> WORK TO BE COMPLETED
Taking the data below, please print only the lines from the line holding "Pretty close-up of" to the line holding "软件帮助呵护你的经期健康、身体养护,女孩儿还是要对自己好一些。", inclusive, with pictures omitted.

── RECORD SET

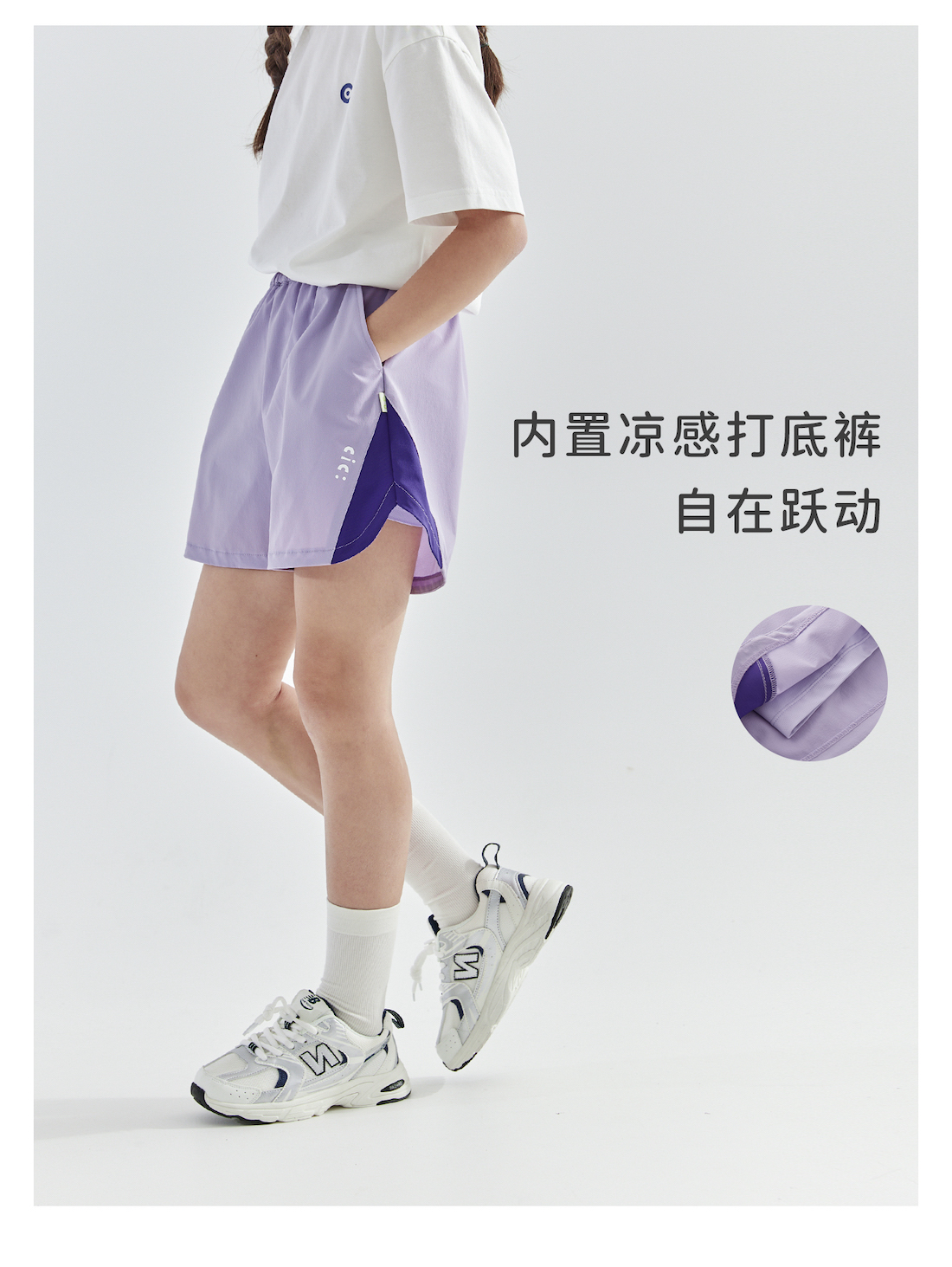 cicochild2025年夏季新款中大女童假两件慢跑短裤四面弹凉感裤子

────
── RECORD SET

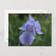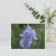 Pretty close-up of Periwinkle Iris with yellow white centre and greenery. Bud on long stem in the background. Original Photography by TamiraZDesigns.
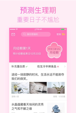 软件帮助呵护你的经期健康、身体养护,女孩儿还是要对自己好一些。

────
── RECORD SET

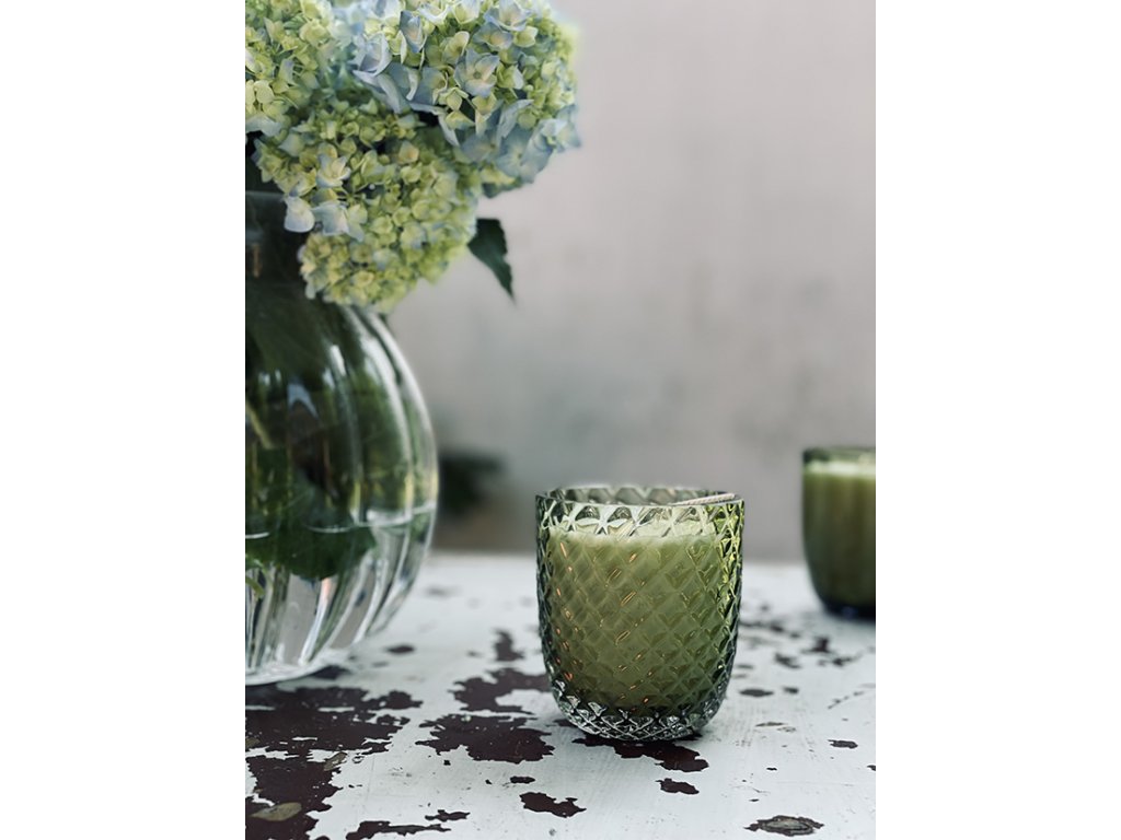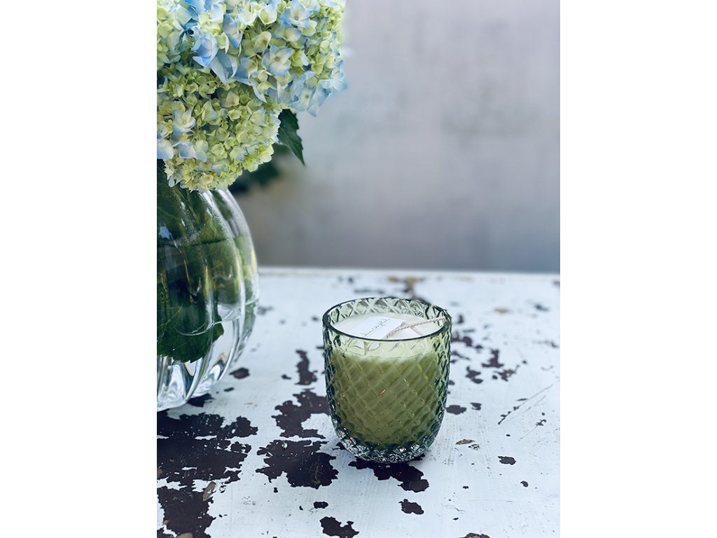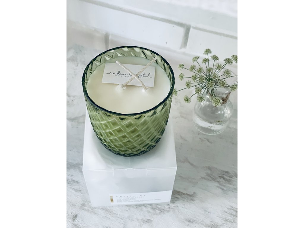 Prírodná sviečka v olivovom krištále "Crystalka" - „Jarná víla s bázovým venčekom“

────

> WRITTEN RESPONSE
 Pretty close-up of Periwinkle Iris with yellow white centre and greenery. Bud on long stem in the background. Original Photography by TamiraZDesigns.
 软件帮助呵护你的经期健康、身体养护,女孩儿还是要对自己好一些。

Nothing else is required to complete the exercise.